I have a picture of the torque strap from SLP to help keep the clutches aligned. The break in period trashed the rubber bump stop from the factory.
Here is what I was talking about on the rubber stopper. I didn't have enough belt deflection set on the break in period (thinking that would keep from opening her up all the way...silly me.)
After l let her run up to 8,000K a couple of times on the lake, it pretty much mashed the stopper to nothing.
In addition, here are some shots of the competed Y-Pipe with heat shields and EGT probes mounted.
There is also a shot of the completed exhaust after the heat shield was polished and the rivets replaced with stainless worm-clamps.
I did not want to go with an aftermarket set up as the Wisconsin DNR are cracking down hard on loud pipes. At $168 per fine, it's just not worth a couple of HP.
I can attest that they are stopping and checking. On Friday night of Derby week I got stopped. They checked for the can. No worries here.
The motor is now in place and the Y-Pipe corrected.
I used to have a DynoPort can on the sled. With Wisconsin getting more strict on noise levels. I opted to go back to a stock set up.
The wife and I went to Hay Days this summer and met up with Troy, Howler, Fish, J Lowe from Team Summit, Hiawatha and some others. (We also partied with Team Thunderstruck and 13 Step - that is whole other article!)

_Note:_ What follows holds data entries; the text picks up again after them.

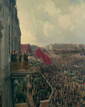 Karl Liebknecht proklamiert eine freie sozialistische Republik nach sowjetischen Muster.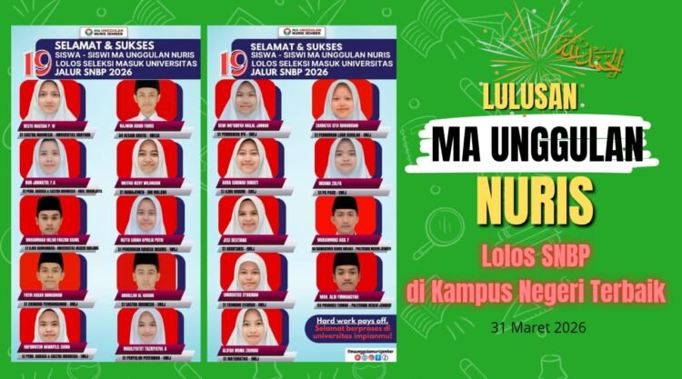 Pesantren Nuris – Pengumuman SNBP (Seleksi Nasional Berbasis Prestasi) tahun 2026 telah dirilis oleh Panitia SNPMB (Seleksi Nasional Penerimaan Mahasiswa Baru) Kemendikbud per Selasa, 31 Maret 2026 kemarin pukul 15.00 WIB melalui laman https://pengumuman-snbp.snpmb.id/. Dengan bangga, 19 siswa MA Unggulan Nuris telah dinyatakan lolos. Jumlah ini meningkat dari tahun sebelumnya 2025 lalu yang hanya 8 siswa yang lolos.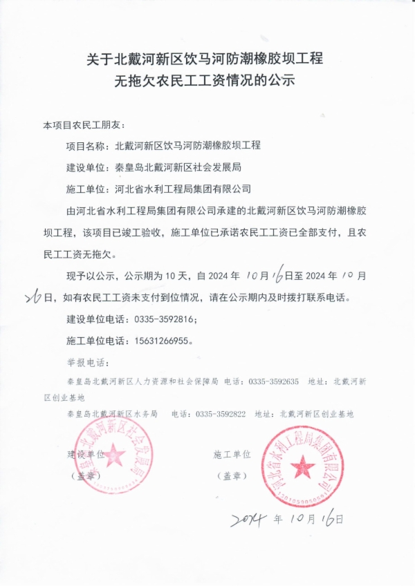 关于北戴河新区饮马河防潮橡胶坝工程 无拖欠农民工工资情况的公示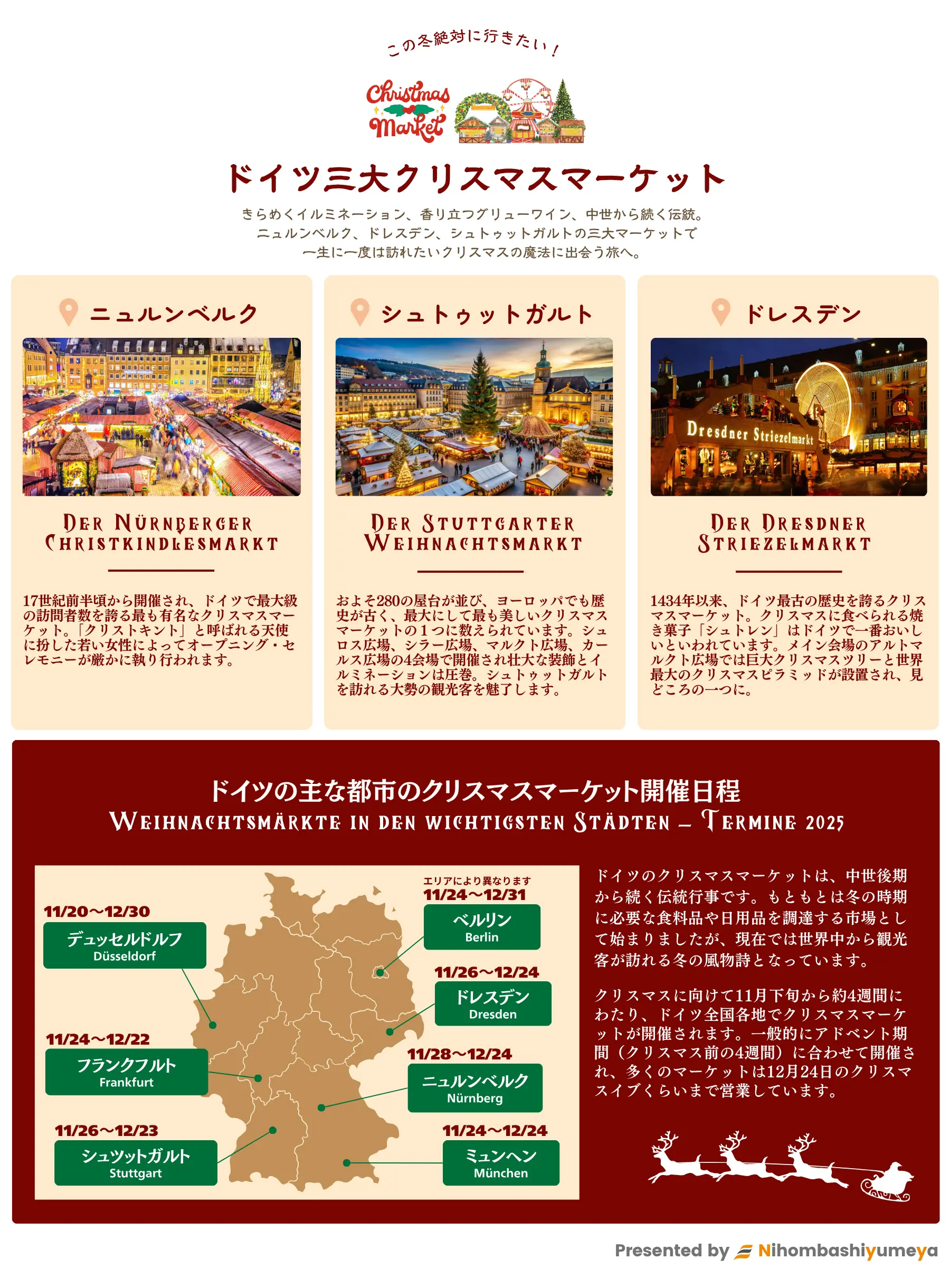 11月下旬からドイツ国内各地においてクリスマス・マーケットが開催されます。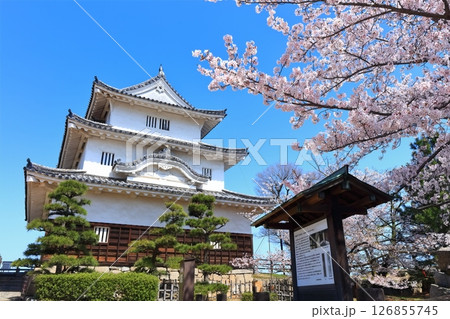 【佐賀県】晴天の唐津城天守閣と満開の桜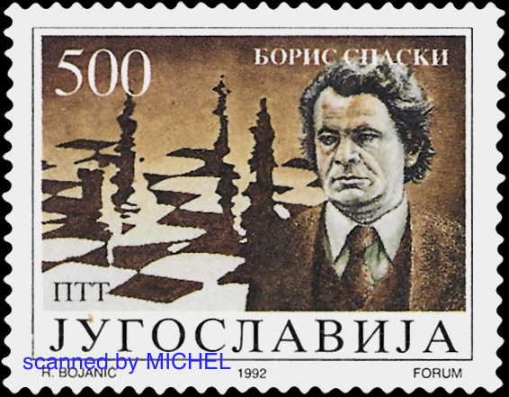 1992 trafen sich Fischer und Spasski zum Revanchematch inmitten des jugoslawischen Krieges in Belgrad (MiNr. 2559 und 2560).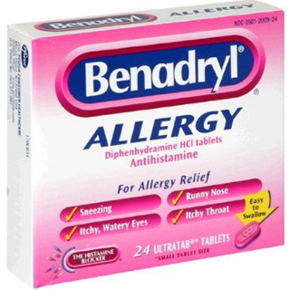 Benadryl è un antistaminico. Diphenhydramine blocca gli effetti dell'occorrenza naturale dell'istamina chimica nel corpo. Si usa per trattare starnutire, aumento delle secrezioni nasali, prurito, la lacrimazione oculare, orticaria, eruzione cutanea e altri sintomi dell'allergia e raffreddore.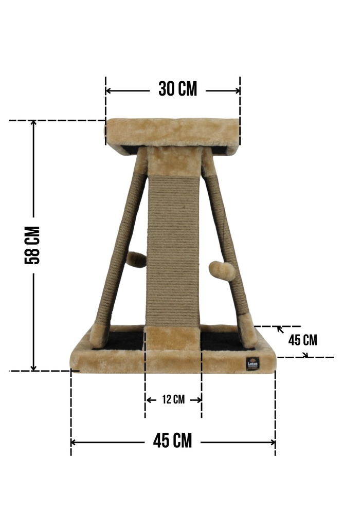 - Tırmalama direklerinde kullanılan 6mm doğal jüt halat, masuralara her noktadan yapıştırılarak sağlamlık en üst düzeye çıkarılmıştır. Tırmalama direklerinin alt ve üst kapaklarında MDF kullanılmaktadır.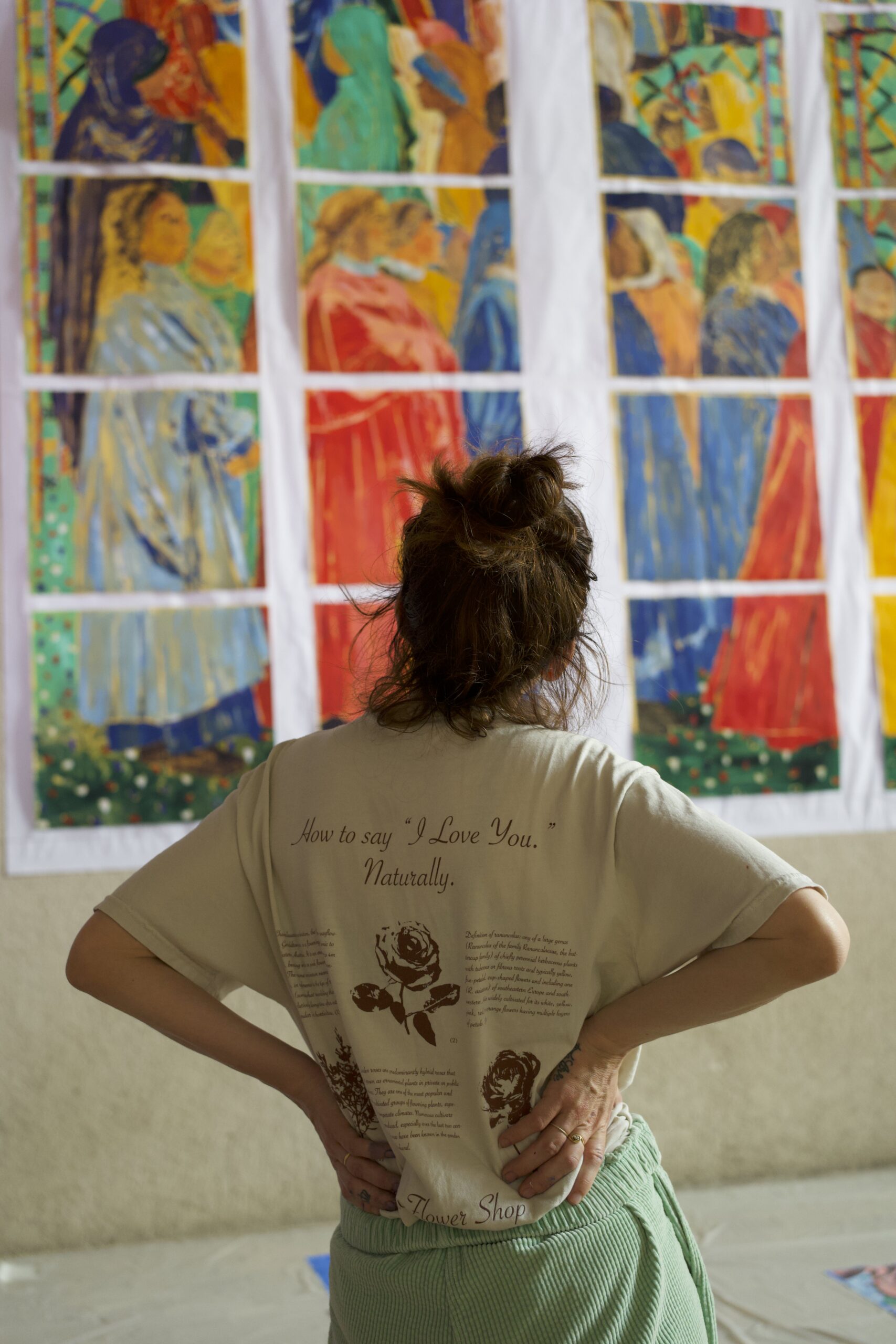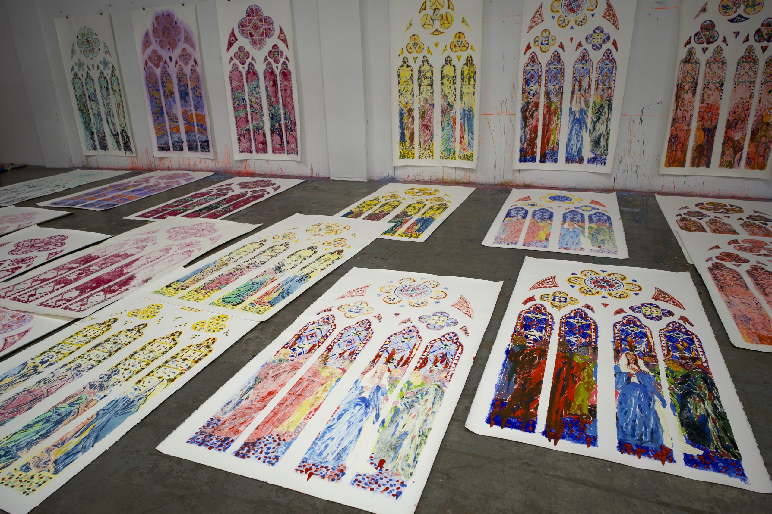Tabouret, a 44-year-old French painter of international renown, lives between France and Los Angeles. Her stained-glass windows models depict the descent of the Holy Spirit upon the disciples and the Virgin Mary, as described in the Acts of the Apostles. Prints on display are figurative works nearly 23 feet high and 13 feet wide.

I found a GREAT deal on a factory pipe and can. The can looked brand new. It still had the fiberglass strands in it. Some kid was watching the booth for his dad. I offered him $25 for the pipe and can - he took it. We got out of there before the dad came back.
I then took it a shop I work part time at. I cut off the socket end, and flared a new end to fit the Grafoil seal. I also shortened the pipe about a 1/2" at this time.
With all the exhaust work now complete, it was time to put the finishing details on the system.
I removed the heat shield, that is riveted on. I then cut off the rivet flanges and smoothed all the metal.
I then polished all the aluminum pieces and put it back together with stainless steel worm clamps.
I then sand blasted the exhaust tube and muffler and painted them with flat black John Deere muffler paint.
Now that the exhaust is done, the engine is in place, the chaincase dropped and rolled and the rear suspension in place it is time to set the clutches in place.
I originally used a 'mostly stock' TRA drive clutch and an Artic Cat reverse cam roller secondary driven clutch. I purchased a conversion jack-shaft from Fett Brothers to bring the whole thing together.
Here you can see the Artic Cat secondary in place. The second picture is of the alignment procedure. You need to have a 1.25" belt deflection on this particular set-up.
I might mention that I did machine the dust shield out of Arctic Cat clutch to allow the belt to run further down in the sheaves. You also have to shim the Cat clutch away from the jack-shaft bearing surface or it will not allow it to open all and rub on the bearing collar.
Since the writing of this original article, I have changed the clutch set up.
I am now running a lightweight TRA with Thundershift arms and 300 ramps. I am also changed to a TEAM TSS-98 secondary.
There a big difference in backshiftting from the Ski-Doo secondary to the Arctic Cat. There is a HUGE difference in backshifting (for the better) in using the Team.
I had the carbs bored to 45.5mm. As stated previously, that is the max size without changing slide size.
I still use the stock air box for noise reasons, as previously stated.
I did remove the stock air boots from the air box. I replaced them with air boots from a ZX model. The ZX boots are longer and make an air horn inside the box to get a longer straighter shot of air into the carbs.
You can see in these shots how much difference there is in the boots.